Law School Case Brief
Stroud v. Grace - 606 A.2d 75 (Del. 1992)
Where one challenges the validity of a shareholder vote by claiming inadequate disclosure of confidential financial information in connection with that vote, the initial burden of proving complete disclosure of material facts relevant to the vote remains with the board of directors. If the board withheld information in these special circumstances, it would still bear the burden of proving that: (1) the withheld information was confidential; and (2) the board only withheld the material confidential information from shareholders, who having been given notice and opportunity, failed to execute a reasonable confidentiality agreement. To ensure maximum flexibility, it is inadvisable to adopt a bright-line test of reasonableness in this context. Certainly confidential information must not otherwise be publicly available. Finally, assuming the defendants meet their burden, the plaintiffs would be required, depending on the applicable standard, to prove that the board is not entitled to the protections of the business judgment rule, or that the challenged transaction was unfair.

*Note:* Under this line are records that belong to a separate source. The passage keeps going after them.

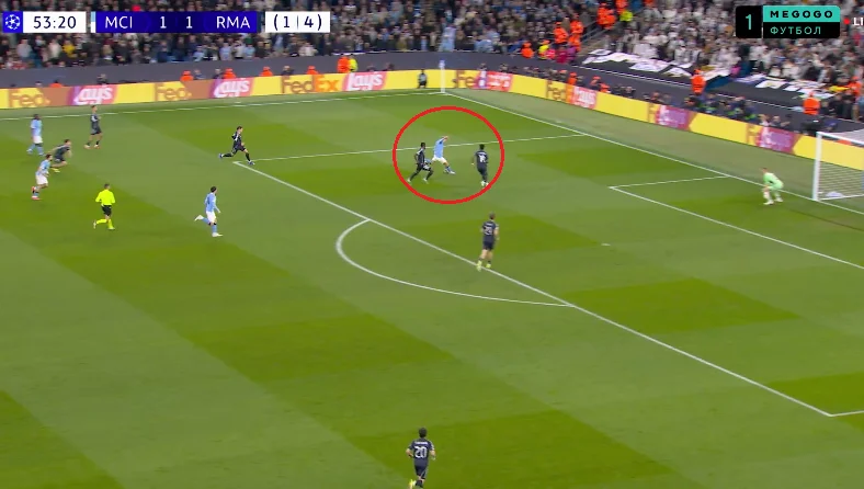 На 53-й же минуте Холанд открылся на левом краю штрафной площадки и вколотил в ближний угол. Лунин парировал в центр, а Родри добивал из-за пределов штрафной. Получилось очень неточно.
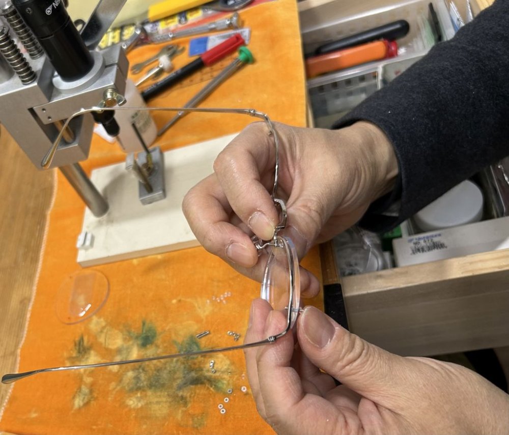 ふちなしメガネは手間がかかりますが職人技です。
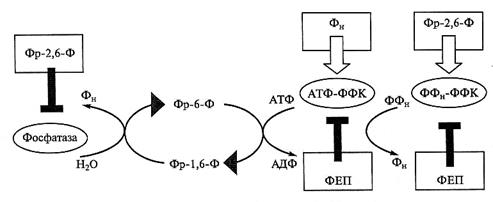 Рис. 4.6. Регуляция гликолиза у растений на уровне реакции фосфорилирования фруктозо-6-фосфата: Фр-6-Ф — фруктозо-6-фосфат; Фр-1, 6-Ф — фруктозо-1, 6-бисфосфат; Фр-2, 6-Ф — фруктозо-2, 6-бисфосфат; АТФ-ФФК — АТФ-зависимая фосфофруктокиназа; ФФН-ФФК — пирофосфат-зависимая фосфофруктокиназа; фосфатаза — фруктозо-1, 6-бисфосфатаза; ┴ — ингибирование В регуляцию этих реакций включен еще один фактор — фруктозо-2, 6-бисфосфат, регуляторная молекула у всех эукариот. Фруктозо-2, 6-бисфосфат действует как активатор прямой и ингибитор обратной реакции, т. е. стимулирует гликолиз и подавляет глюконеогенез. У животных фруктозо-2, б-бисфосфат активирует АТФ-зависимую фосфофруктокиназу и подавляет активность фосфа-тазы. У растений в отличие от животных фруктозо-2, 6-бисфосфат не действует на АТФ-зависимый фермент, но четко активирует ФФн-зависимую фосфофруктокиназу и ингибирует фосфатазу. Пластидная изоформа АТФ-зависимой фосфофруктокиназы, как и цитозольная, активируется фосфатом и подавляется ФЕП, а также АТФ. О способах регуляции пластидной фосфатазы известно мало. Фруктозо-2, 6-бисфосфат образуется и деградирует при участии двух ферментов: фруктозо-6-фосфат 2-киназы и фруктозо-2, 6-бисфосфатазы:
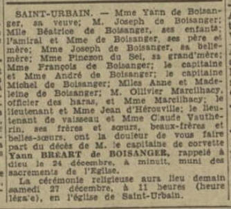 (Manche) - Décédé le 24 décembre 1941 à SAINT-URBAIN (Finistère).
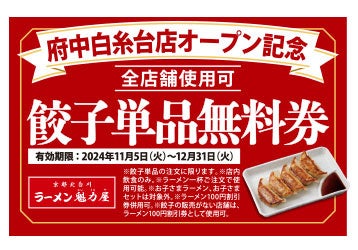 さらに!オープンを記念して、「府中白糸台店」にご来店いただいたお客様には全店舗でご使用いただける餃子単品無料券を配布いたします。
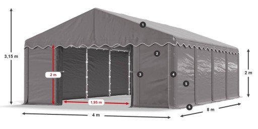 1 - Dach PE (polietylen) ok. 240 g/m² 2 - Brama typu kurtyna 3 - Mocne zamki YKK przy wjazdach 4 - Wymienne maskownice 5 - Ściany boczne PE 2 x 2 m (polietylen) ok. 240 g/m² 6 - Oczka mocujące plandekę
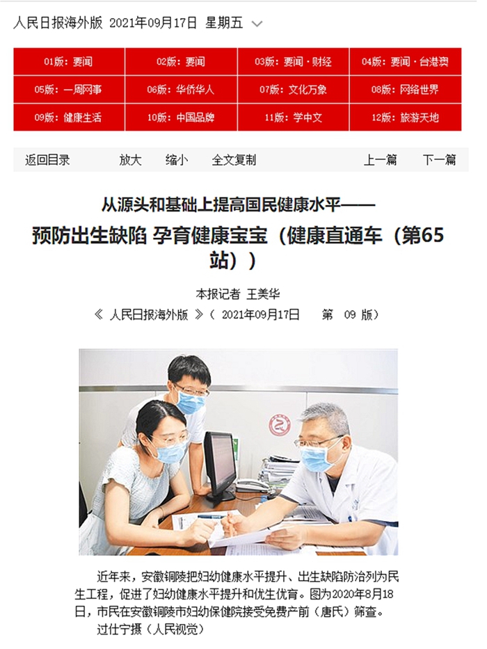 近年来,安徽铜陵把妇幼健康水平提升、出生缺陷防治列为民生工程,促进了妇幼健康水平提升和优生优育。图为市民在安徽铜陵市妇幼保健院接受免费产前(唐氏)筛查。 预防出生缺陷 孕育健康宝宝 20210917《人民日报(海外版)》.pdf
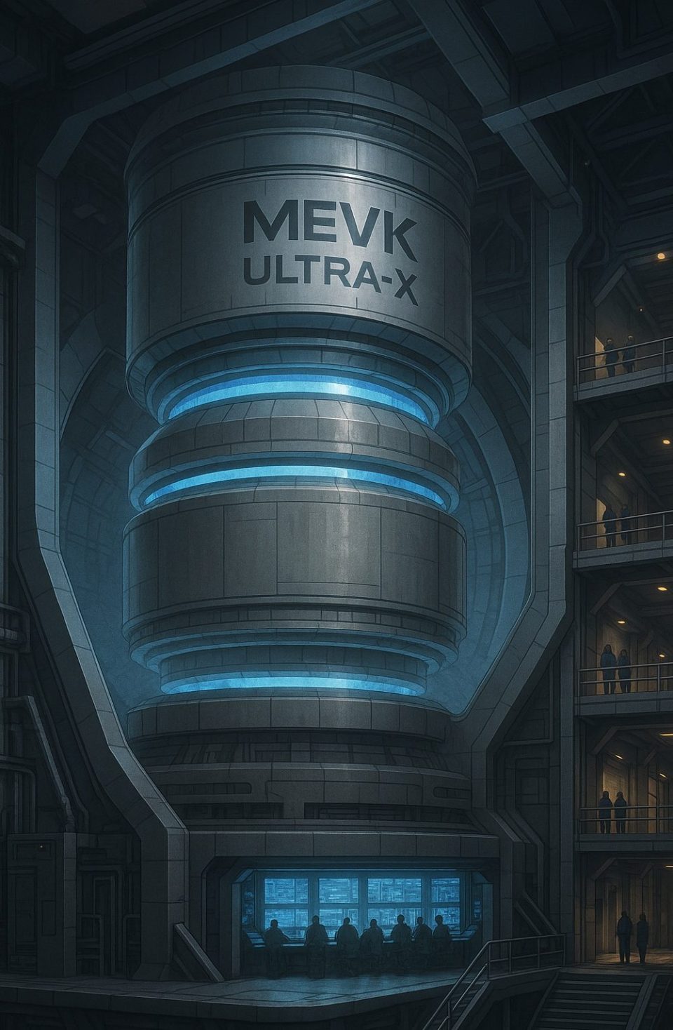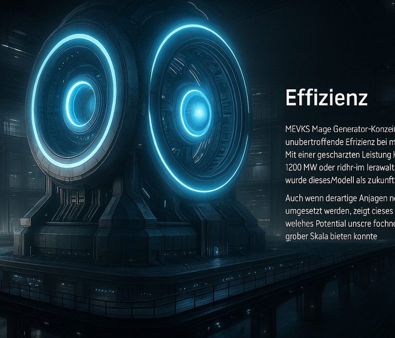 Diese futuristische Generatoranlage stellt eine visionäre Weiterentwicklung unserer bestehenden MEVK-Module dar. Sie wurde für maximale Leistungskapazität und Einsatzbereitschaft im industriellen Maßstab konzipiert – speziell für große Smart-Cities, Raumfahrtstützpunkte oder autonome Megafabriken mit dauerhaft hohem Energiebedarf.

Milliken Enterprises, Inc. (Milliken) was a privately-held Delaware corporation. A series of disputes arose between the corporation and certain of its shareholders, mostly members of the Stroud branch of the Milliken family (Strouds). Plaintiff Strouds brought individual and derivative claims against Milliken and its board of directors (Defendants), alleging that the board breached its fiduciary duties by recommending certain charter amendments to its shareholders (Amendments). The Strouds also contested the adequacy and accuracy of the disclosures the board made to the shareholders in the notice of meeting at which the proposed amendments were to be considered, and also challenged the validity of the amendments and a by-law (By-law 3), which established the procedure for nominating candidates to Milliken's board of directors. The Court of Chancery sua sponte granted summary judgment for the Defendants on all of Strouds' claims but upheld Strouds' attack on By-law 3. Plaintiffs appealed.

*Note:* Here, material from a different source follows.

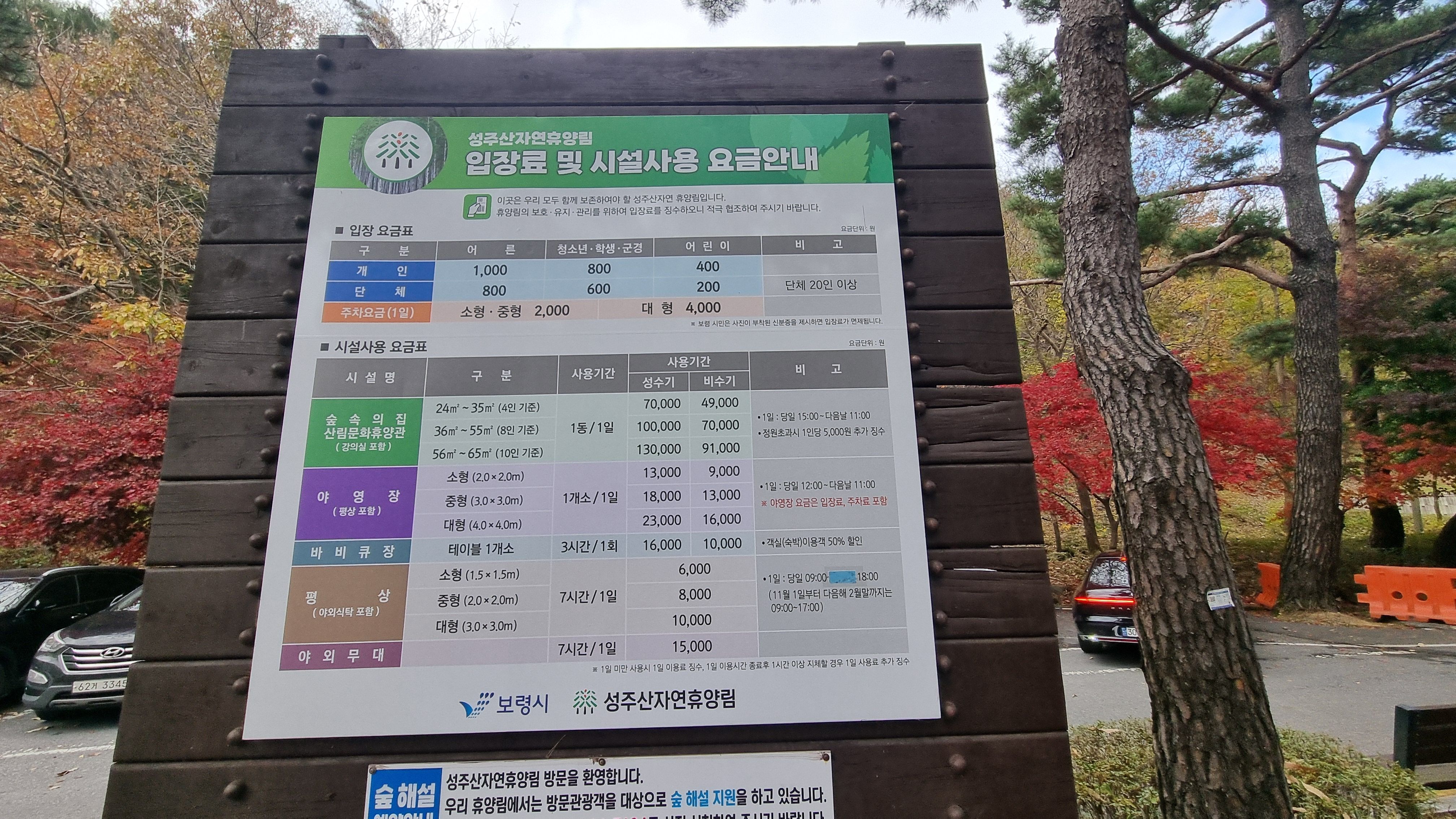 몇년전 성주산자연휴양림 캠핑장으로 가을에 캠핑을 왔었는데 그때 단풍 기억이 너무 좋아서 이번에 대천여행을 오는김에 다시 들렸는데, 당연히 단풍이 다 졌을거라 생각하고 갔지만 뜻밖의 풍경을 맞이했네요. 당일 방문자는 어른기준 입장료1천원, 주차비2천원을 받습니다. 보령시 거주자와 다자녀가구는 무료라니 더 좋겠네요.
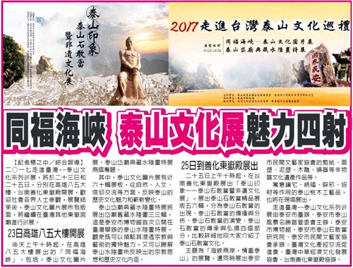 泰山文化内容丰富,博大精深,是中华民族共同的精神家园,在台湾有着广泛的影响。两岸文化信仰也是一脉相承,同根同源。据了解,现今泰山民间信仰在台湾已经成为重要的民间信仰之一,泰山东岳大帝、碧霞元君、泰山石敢当在台湾岛信奉者众多,台湾现存东岳宫、庙、殿30余处。每年到泰山、岱庙进香祭拜的台湾信众络绎不绝,大家一致认同泰山东岳庙为天下东岳庙之祖庭,这种民间信仰已成为泰台文化交流往来的一种重要形式。此次展览,正是两地联系密切的具体体现。

Did certain shareholders adequately prove that the amendments to the bylaws were invalidly adopted?
Because the board found no threat to its control and because defendant's shareholders had approved the amendments, the Court found that plaintiffs failed to prove either that the amendments were not properly adopted or that their adoption was the product of fraud, manipulation, or other inequitable conduct. Additionally, without a showing of abuse, the validity of the corporate action in nominating directors under Bylaw 3 had to await actual use. Hence, the Court affirmed the judgment granting defendant’s motion for summary judgment.